Good, Bad or Loose: Amazon’s New Subtitle Quality Estimation System

Amazon Prime Video Subtitle Localization and Translation

What are you doing to stay occupied during the lockdown? Baking, DIY, yoga, Xbox? For many, devouring new movies and TV programs is now more than just an enjoyable way to unwind in an evening — streaming content has become an essential mechanism for coping during the weeks and months spent confined at home during the lockdowns.

Streaming platforms such as Amazon Prime Video, Netflix, Hulu and others are well aware that delivering a good viewing experience is essential to keeping their audiences captive. For foreign-language content, the quality of subtitles can be the difference between viewers staying tuned or switching off.

Two researchers from Amazon Prime Video, International Expansion, Prabhakar Gupta and Anil Nelakanti, observed in a recent paper that “providers increase their viewership by enabling content in local languages.” At the same time, they said, “low translation quality can cause increased usage drop-off and hurt content viewership for audience of target language.” So getting the quality right is crucial. 

A new research paper by Amazon explores the topic of quality estimation (QE) in translated subtitles. The paper, entitled “DeepSubQE: Quality estimation for subtitle translations,” presents a new system for estimating the quality of translated subtitles, whether human- or machine-generated. The DeepSubQE system reduces both cost and time in subtitle translation while assuring quality, the researchers said.

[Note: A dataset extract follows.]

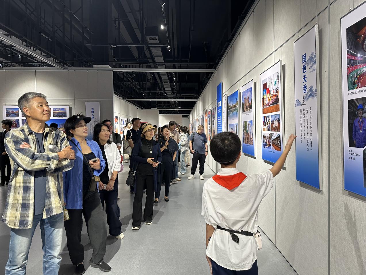 在中华人民共和国成立75周年到来之际,家居与艺术设计学院举行“践行教育家精神,争做新时代大先生”主题教育活动。近日,学院全体教师及部分学生代表前往香坊区劳动公园,参观庆祝中华人民共和国成立75周年“香坊真香 强国有我”专题展览。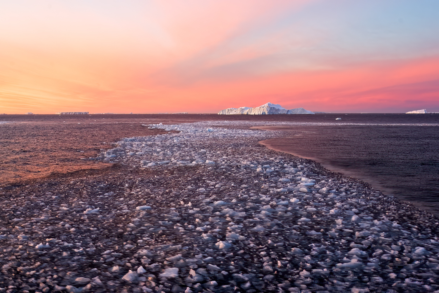 Mit jeder Seemeile verändert sich die Szenerie: Eisberge treiben wie monumentale Skulpturen vorbei – manche glatt und tiefblau wie Glas, andere zerklüftet und schroff, als hätte der Wind selbst sie geformt. In schmalen Passagen spiegeln sich ihre Konturen im stillen Wasser, während das Knacken und Grollen von brechendem Eis zwischen den Felswänden widerhallt.

“Low translation quality can cause increased usage drop-off and hurt content viewership for audience of target language” — Prabhakar Gupta and Anil Nelakanti, Amazon Prime Video, International Expansion

Subtitling and dubbing are indeed topical for Amazon; As the researchers explained, the “digital entertainment industry is growing multifold with ease of internet access and numerous options for on-demand streaming platforms.” And, although a separate paper published by Amazon in January 2020 looked into machine dubbing, Gupta and Nelakanti pointed out that “translation of subtitles across languages is a preferred cost effective industry practice to maximize content reach.” 

Subtitling may be a more cost-efficient approach than dubbing, but the researchers also noted that using human translators to localize subtitles is expensive, and the “man-power cost” increases significantly in the case of low-resource target languages. Since a second person normally checks the translated subtitles to improve the quality of the translation where needed, quality evaluation is “as expensive as generating the translation itself,” they said.

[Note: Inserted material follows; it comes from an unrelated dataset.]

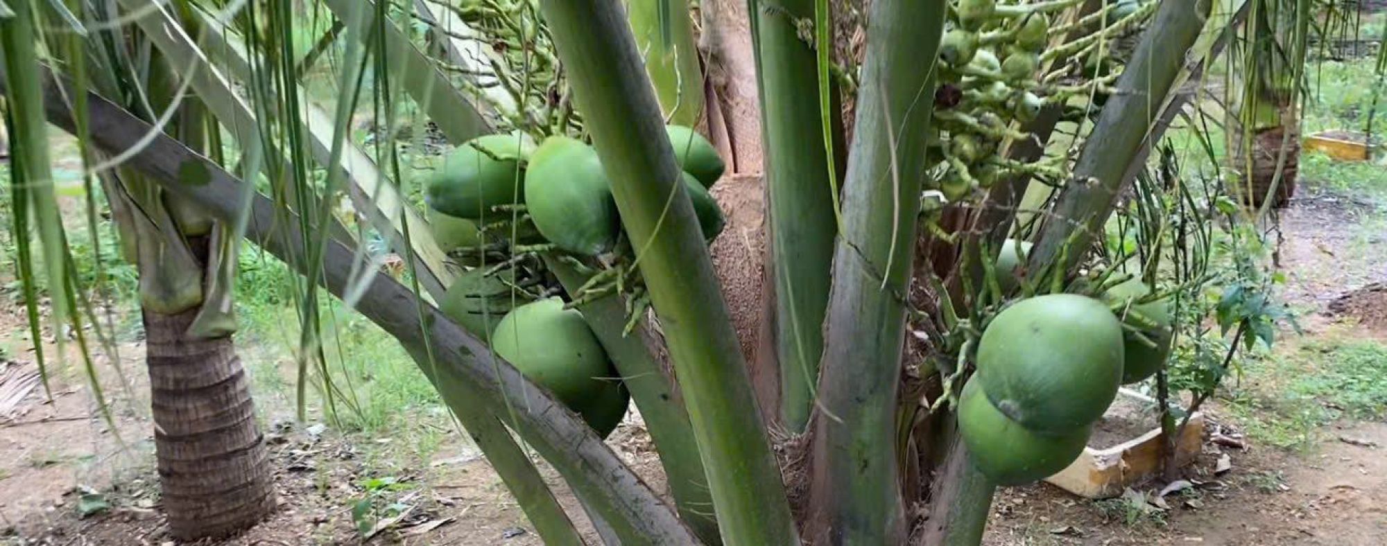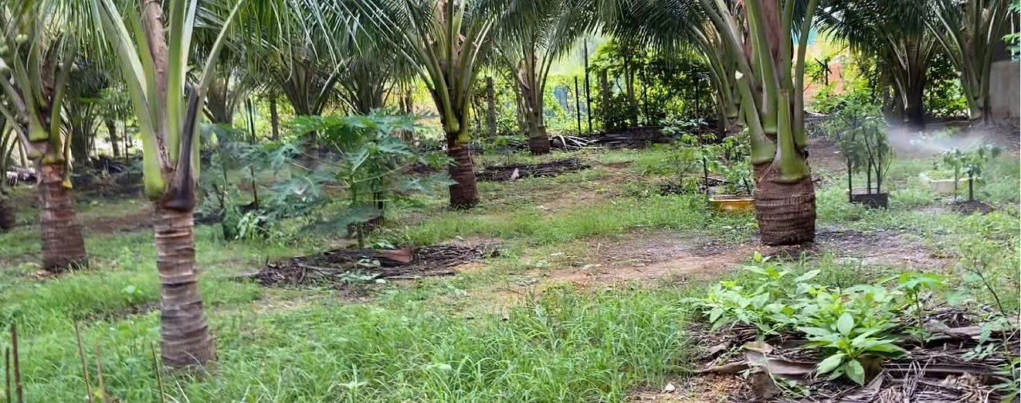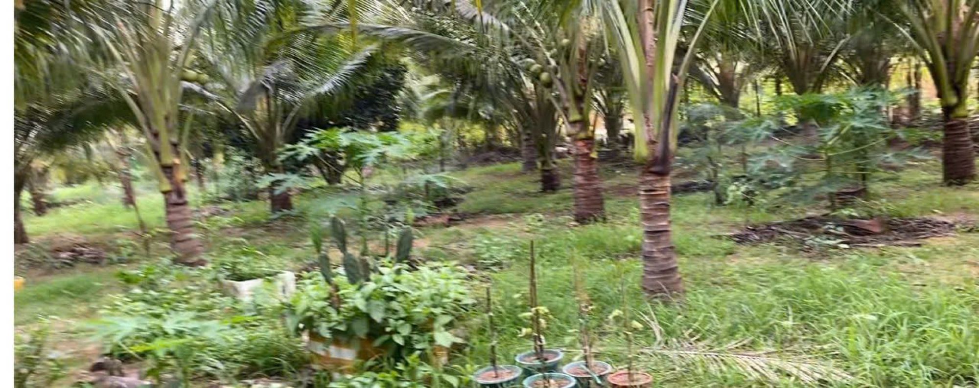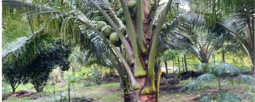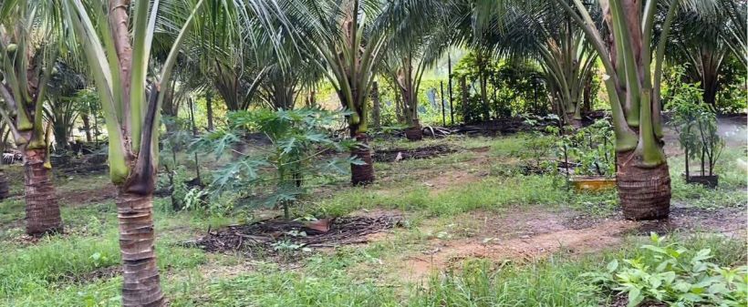 Trên đất có 150 cây dừa siêm, 20 cây mít inđo đang ra quả tơ.

Exploring an automated approach for estimating the quality of translated subtitles is therefore logical, and all the more so for Amazon, who is among the biggest players in the on-demand streaming space.

Good, Bad or Loose

Clearly, quality estimation for any kind of translation is challenging because there is more than one way to translate a given sentence into a specific target language. Legitimate translation techniques like paraphrasing, rephrasing and idiom, which are frequently used in subtitling translation, complicate the matter further since they confound binary methods of quality estimation. 

Most QE methods are binary methods, however, and simply classify translations as “good” or “bad.” They fail to deal with ““loosely” translated samples that often occur due to human judgment.” 

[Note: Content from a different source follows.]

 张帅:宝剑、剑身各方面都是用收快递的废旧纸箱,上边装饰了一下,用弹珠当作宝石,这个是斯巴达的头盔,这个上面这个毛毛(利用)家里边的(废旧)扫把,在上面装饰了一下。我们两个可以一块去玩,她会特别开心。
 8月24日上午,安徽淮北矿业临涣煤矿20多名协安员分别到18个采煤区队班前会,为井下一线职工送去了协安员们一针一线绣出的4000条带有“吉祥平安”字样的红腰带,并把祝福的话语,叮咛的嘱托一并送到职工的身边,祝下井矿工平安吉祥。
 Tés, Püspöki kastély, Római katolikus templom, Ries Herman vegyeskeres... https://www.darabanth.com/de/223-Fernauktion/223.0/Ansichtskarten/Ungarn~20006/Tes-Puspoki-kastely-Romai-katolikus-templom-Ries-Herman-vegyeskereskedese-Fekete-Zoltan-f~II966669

Under Amazon’s DeepSubQE model, which introduces a “loose” translation category, a good translation is one that retains “all meaning from [the] source and reads fluently;” A bad translation is one that bears no resemblance to the meaning of the original and is “disconnected from the context in the video;” A loose translation is one that uses paraphrasing, colloquialism, idiom, or “contains some contextual information not available in [the] source text.” 

The researchers also noted how categorizing subtitle translations into the three categories helps to indicate what further work the translations require, if any. Good translations are fine as is and need no further improvement, while loose translations may require human post-edits and bad translations need a “complete rewrite,” they said.  

The researchers worked with 30,000 video subtitle files in English and their corresponding translations in French, German, Italian, Portuguese and Spanish for their experiments. They found that the DeepSubQE model was accurate in its estimations more than 91% of the time for all five languages. The system performed slightly better for longer sentences.

One area of improvement they noted for DeepSubQE was related to the operational load. Currently, the system relies on training one model per language pair, which requires “considerable operational load,” the researchers said. However, future work could explore using a multilingual model, which would help to reduce the load and also be of benefit to “resource starved languages,” they added.